Cooper v. University of Arkansas for Medical Sciences

2017 Ark. App. 58, 510 S.W.3d 304, 2017 Ark. App. LEXIS 65
CourtCourt of Appeals of Arkansas
DecidedFebruary 1, 2017
DocketCV-16-658
StatusPublished
Cited by3 cases

This text of 2017 Ark. App. 58 (Cooper v. University of Arkansas for Medical Sciences) is published on Counsel Stack Legal Research, covering Court of Appeals of Arkansas primary law. Counsel Stack provides free access to over 12 million legal documents including statutes, case law, regulations, and constitutions.

Bluebook
Cooper v. University of Arkansas for Medical Sciences, 2017 Ark. App. 58, 510 S.W.3d 304, 2017 Ark. App. LEXIS 65 (Ark. Ct. App. 2017).

Opinion

BRANDON J. HARRISON, Judge

hGraylon Cooper appeals the decision of the Arkansas Workers’ Compensation Commission (the Commission), which found that he did not prove that he was permanently and totally disabled but awarded him a 23 percent wage-loss disability. He argues that the Commission’s decision is not supported by substantial evidence. We affirm.

Cooper, a surgical technician at UAMS, injured his back while transferring a patient from the operating table to a stretcher in May 2011. UAMS accepted the injury as compensable and paid for medical and indemnity benefits. Cooper underwent an anterior cervical discectomy and fusions at C5-6 and C6-7 in August 2012 and was released with an |2U percent impairment rating. UAMS accepted and paid permanent partial-disability benefits based on the 11 percent impairment rating.
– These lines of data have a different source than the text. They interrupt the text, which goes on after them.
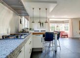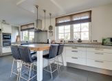 Royale entree met een handige voorraadkast, de meterkast en de toiletruimte met zwevend toilet en fontein. De ruimte ervaar je direct als je de riante living met de mooie leistenen vloer binnenloopt. De vele raampartijen in de woning zorgen voor een prachtige lichtinval. De moderne keuken is voorzien van een oven/magnetron combinatie, een oven, een gaskookplaat met wokbrander, een grillplaat, een vaatwasser en een Amerikaanse koelkast. Er is een ruime werkkamer en een wasruimte/bijkeuken op de begane grond. In de royale tuin met de gunstige zonligging en de gezellige veranda kan je heerlijk genieten met het gezin of met vrienden.
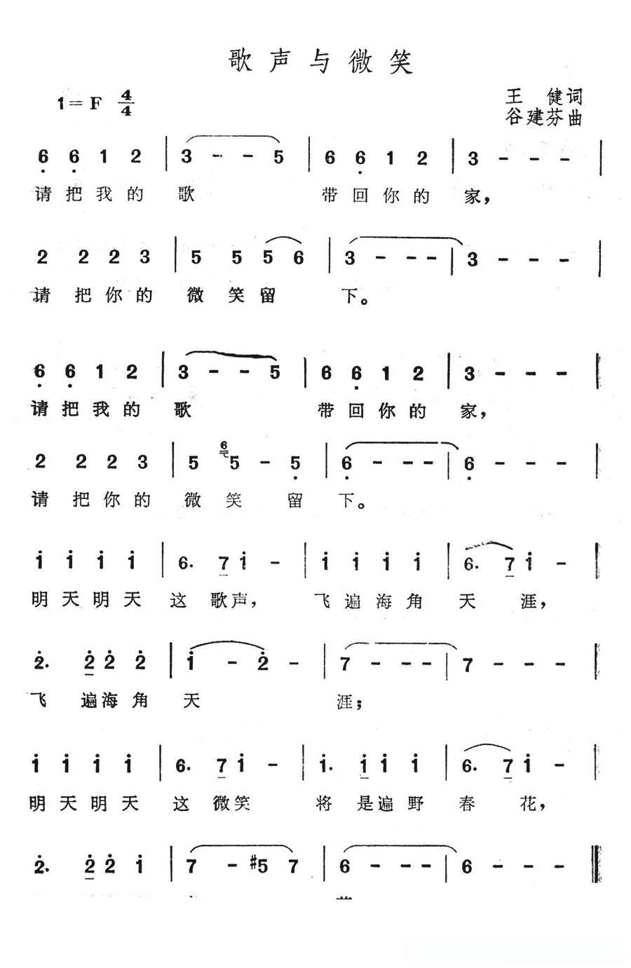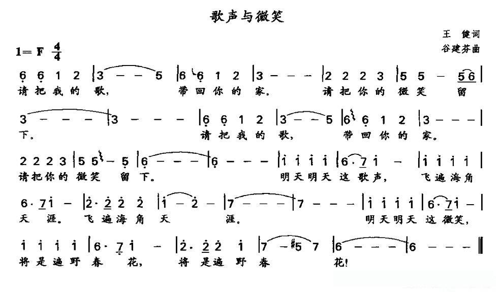 歌声与微笑的简谱歌词歌声与微笑的简谱歌词
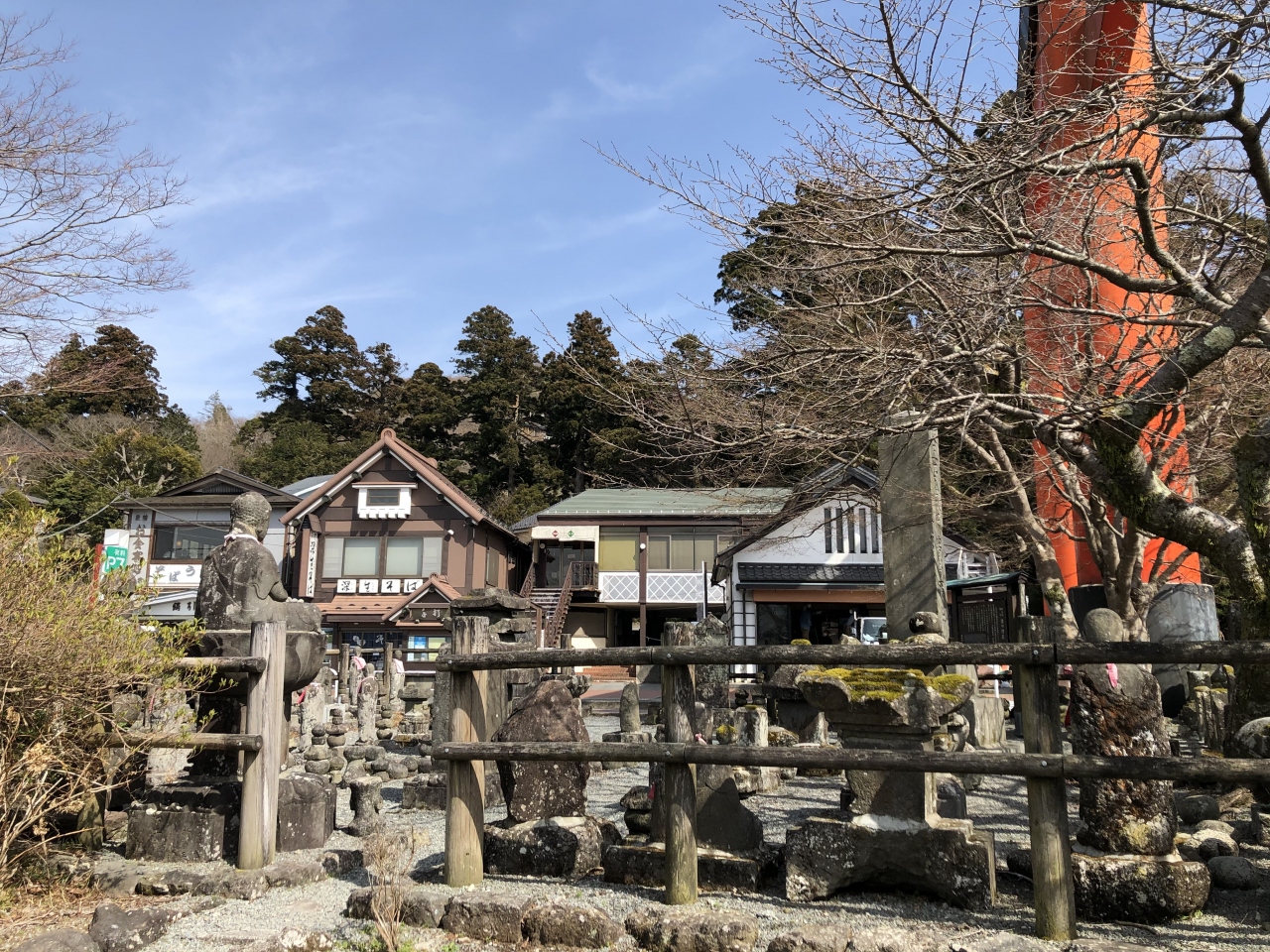 芦ノ湖畔を通る国道1号線をまたいで立てられている箱根神社の一の鳥居、この鳥居のすぐ横(芦ノ湖側)に、石仏や石塔がずらりと並んでいる場所があります。芦ノ湖畔のこのあたりは、にぎやかな観光スポットですが、この賽の河原の所だけ、異空間のように厳かな空気になっています。
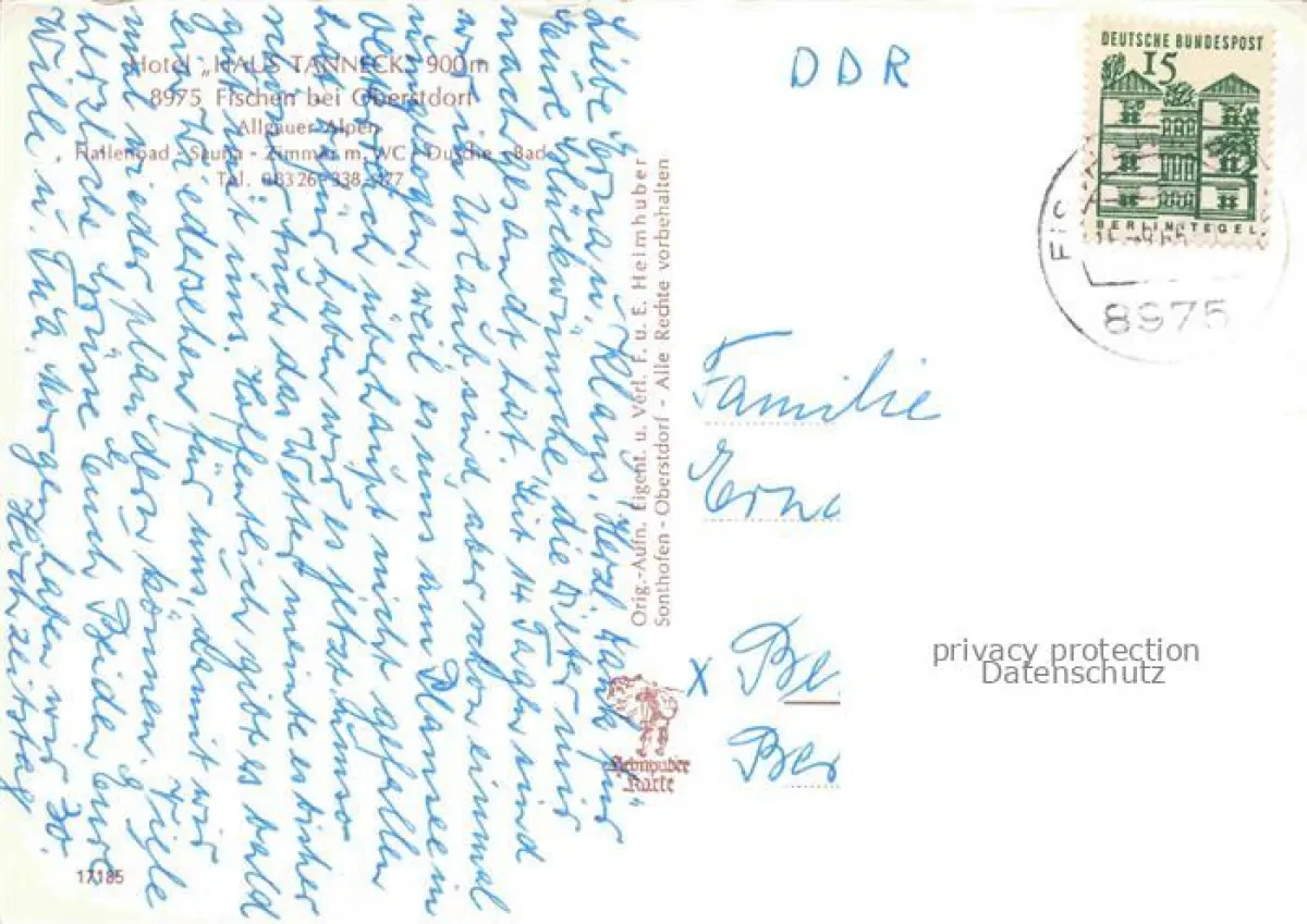 alte Postkarte Fischen Allgaeu Bayern Hotel Haus Tanneck Gastraeume Hallenbad postalisch gelaufen Erhaltung siehe scans [WerneD78]
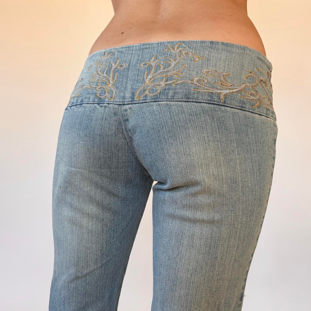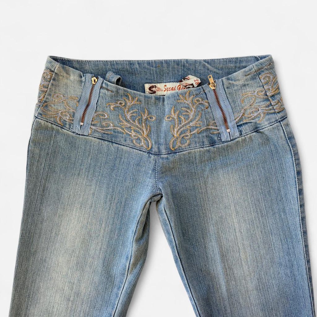 Y2K Embroidered Low Rise Jeans (XS)
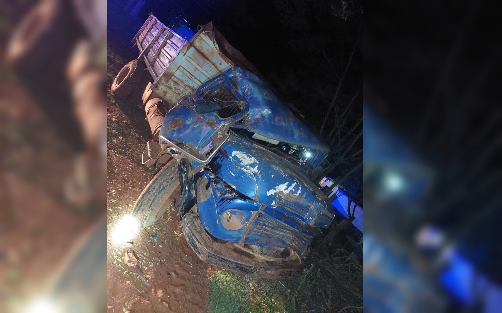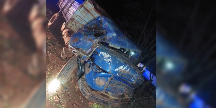 Anoche, por motivos que se tratan de establecer, un camión Mercedes Benz despistó y terminó en la banquina de la calle Sapucay en inmediaciones del arroyo Carrillo Viejo.
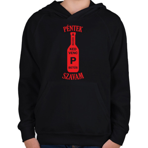 1 kép PRINTFASHION Péntek a második kedvenc P betűs szavam - Gyerek kapucnis pulóver - Fekete
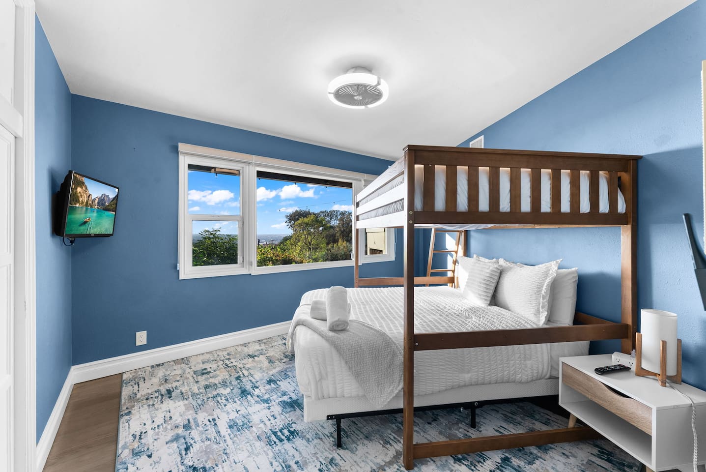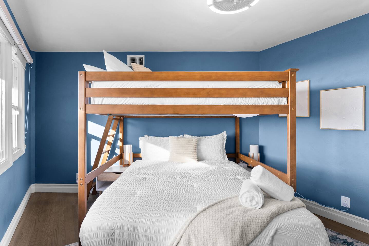 Bedroom 2: Queen bed with a full-size loft bed—perfect for kids

In September 2015, an administrative law judge (ALJ) held a hearing to determine Cooper’s entitlement to permanent total disability or, in the alternative, a wage-loss disability in excess of 11 percent. At the hearing, Cooper testified that he had a bachelor’s degree in pre-med zoology, an associate’s degree in surgical technology, and had attended one year of medical school. He testified that since his surgery, he still has pain and blood pressure issues. He said that on an ordinary day his pain level is a nine on a scale from one to ten. He explained that he is on a number of medications that make him drowsy, affect his memory and his ability to concentrate, and render him unable to drive. He testified that he did nothing most days except watch television. He did admit, however, that he had been able to take a seven-hour round trip to Mississippi and had traveled to Louisiana and played slot machines for about an hour.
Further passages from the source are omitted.